- _WHAT THE TASK REQUIRES_
Your answer must be the exact lines below, starting with the line with "上世紀80年代流行的落肩款式" and going on through the line with "Zusammenklappbares Stativ mit", both included, with no pictures.

- _INPUT DATA_
***

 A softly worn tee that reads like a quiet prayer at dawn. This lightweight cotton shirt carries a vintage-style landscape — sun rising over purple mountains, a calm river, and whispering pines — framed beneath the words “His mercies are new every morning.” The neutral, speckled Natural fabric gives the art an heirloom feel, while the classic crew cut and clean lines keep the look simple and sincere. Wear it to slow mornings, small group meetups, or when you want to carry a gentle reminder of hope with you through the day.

***

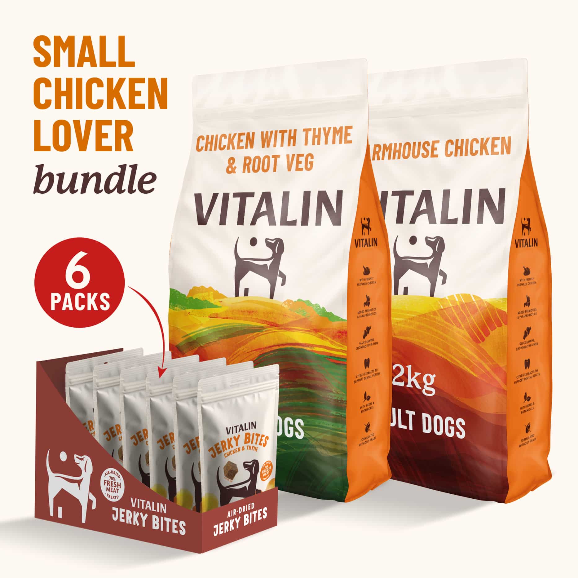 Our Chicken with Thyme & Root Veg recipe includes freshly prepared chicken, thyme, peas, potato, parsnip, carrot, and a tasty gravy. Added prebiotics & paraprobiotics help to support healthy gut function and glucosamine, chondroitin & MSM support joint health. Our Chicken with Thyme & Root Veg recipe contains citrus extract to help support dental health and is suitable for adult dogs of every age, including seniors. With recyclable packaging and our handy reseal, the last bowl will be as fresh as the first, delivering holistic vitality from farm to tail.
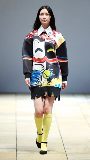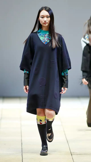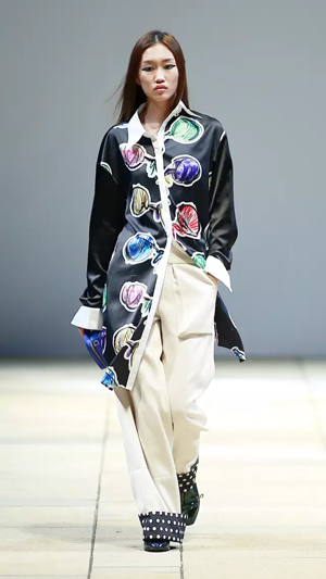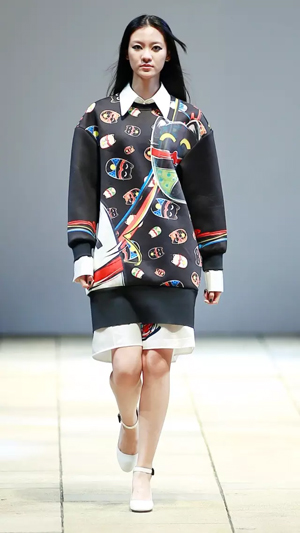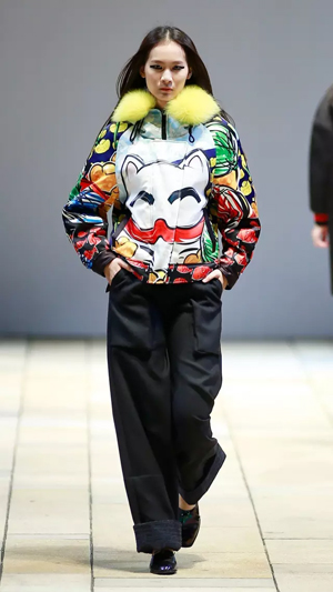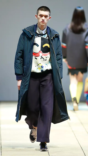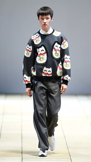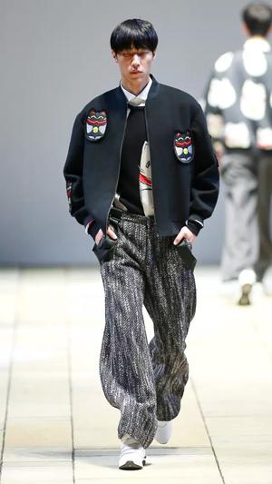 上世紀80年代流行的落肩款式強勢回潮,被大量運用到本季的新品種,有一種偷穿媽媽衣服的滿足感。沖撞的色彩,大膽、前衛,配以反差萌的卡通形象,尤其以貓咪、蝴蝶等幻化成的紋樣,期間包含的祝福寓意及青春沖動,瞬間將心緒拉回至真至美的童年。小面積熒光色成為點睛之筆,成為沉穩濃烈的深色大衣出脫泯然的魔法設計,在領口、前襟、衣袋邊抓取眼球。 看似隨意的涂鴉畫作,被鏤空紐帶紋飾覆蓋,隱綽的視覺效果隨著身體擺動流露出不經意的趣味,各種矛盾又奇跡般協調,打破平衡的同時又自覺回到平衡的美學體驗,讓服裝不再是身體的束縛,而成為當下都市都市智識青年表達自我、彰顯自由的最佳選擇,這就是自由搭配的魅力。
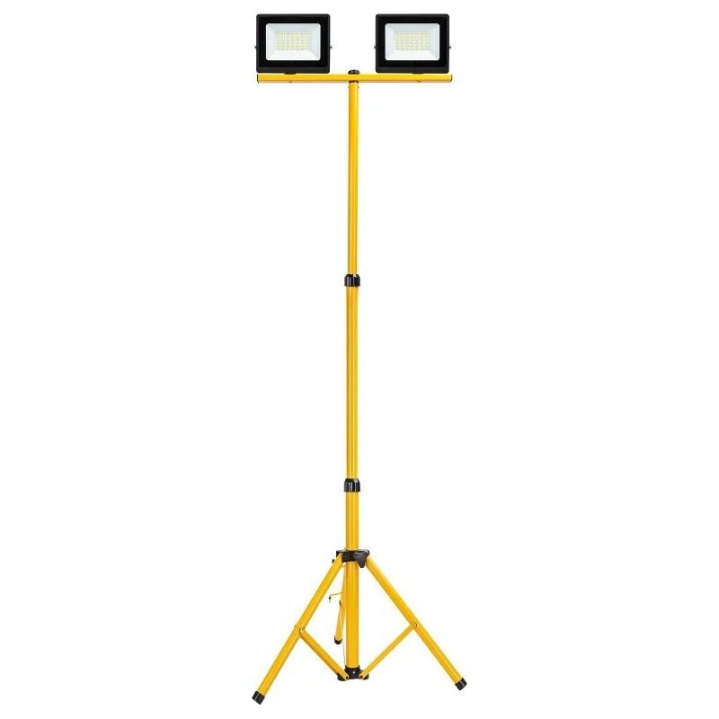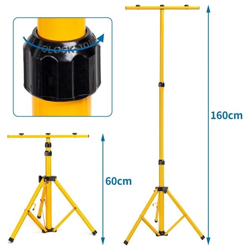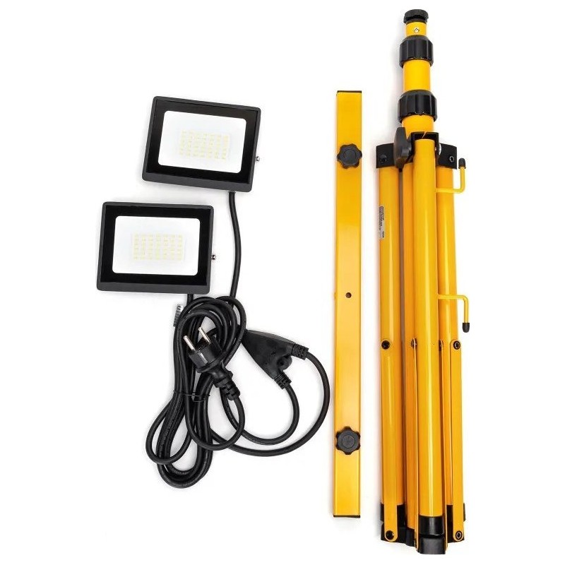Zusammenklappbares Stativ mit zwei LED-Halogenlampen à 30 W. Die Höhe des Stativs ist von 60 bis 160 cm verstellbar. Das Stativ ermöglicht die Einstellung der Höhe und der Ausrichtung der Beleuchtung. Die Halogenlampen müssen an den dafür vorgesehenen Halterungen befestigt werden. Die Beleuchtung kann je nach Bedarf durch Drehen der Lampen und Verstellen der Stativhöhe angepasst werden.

***

- _EXERCISE OUTPUT_
 上世紀80年代流行的落肩款式強勢回潮,被大量運用到本季的新品種,有一種偷穿媽媽衣服的滿足感。沖撞的色彩,大膽、前衛,配以反差萌的卡通形象,尤其以貓咪、蝴蝶等幻化成的紋樣,期間包含的祝福寓意及青春沖動,瞬間將心緒拉回至真至美的童年。小面積熒光色成為點睛之筆,成為沉穩濃烈的深色大衣出脫泯然的魔法設計,在領口、前襟、衣袋邊抓取眼球。 看似隨意的涂鴉畫作,被鏤空紐帶紋飾覆蓋,隱綽的視覺效果隨著身體擺動流露出不經意的趣味,各種矛盾又奇跡般協調,打破平衡的同時又自覺回到平衡的美學體驗,讓服裝不再是身體的束縛,而成為當下都市都市智識青年表達自我、彰顯自由的最佳選擇,這就是自由搭配的魅力。
Zusammenklappbares Stativ mit zwei LED-Halogenlampen à 30 W. Die Höhe des Stativs ist von 60 bis 160 cm verstellbar. Das Stativ ermöglicht die Einstellung der Höhe und der Ausrichtung der Beleuchtung. Die Halogenlampen müssen an den dafür vorgesehenen Halterungen befestigt werden. Die Beleuchtung kann je nach Bedarf durch Drehen der Lampen und Verstellen der Stativhöhe angepasst werden.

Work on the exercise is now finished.